Three components: the target model weights, the complete training corpus in searchable form, and an n-gram index (infini-gram or equivalent) capable of querying trillions of tokens fast enough to score large sample sets. Building and hosting that index is the practical bottleneck. The paper’s two models were chosen partly because their training corpora (Common Pile and Dynaword) were already publicly indexed, removing that setup cost.

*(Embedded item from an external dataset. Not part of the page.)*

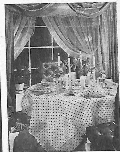
Table Set from the "5 and 10" Style Without Money

In Which One of America's Foremost Decorators Shows You, Step by Step, How Easily You Can Beautify Your Home

Does benchmark contamination also affect memorization audit accuracy?

CoEval (arXiv 2606.03650) found that public benchmark items leak into pretraining corpora and get recalled verbatim rather than genuinely solved. This contamination cuts both ways: it inflates capability scores on benchmarks, and it can distort memorization measurements if the audit prompts themselves appear in the training data. Any team running PropMe-style audits should verify their test prompts are not already part of the model’s pretraining mix.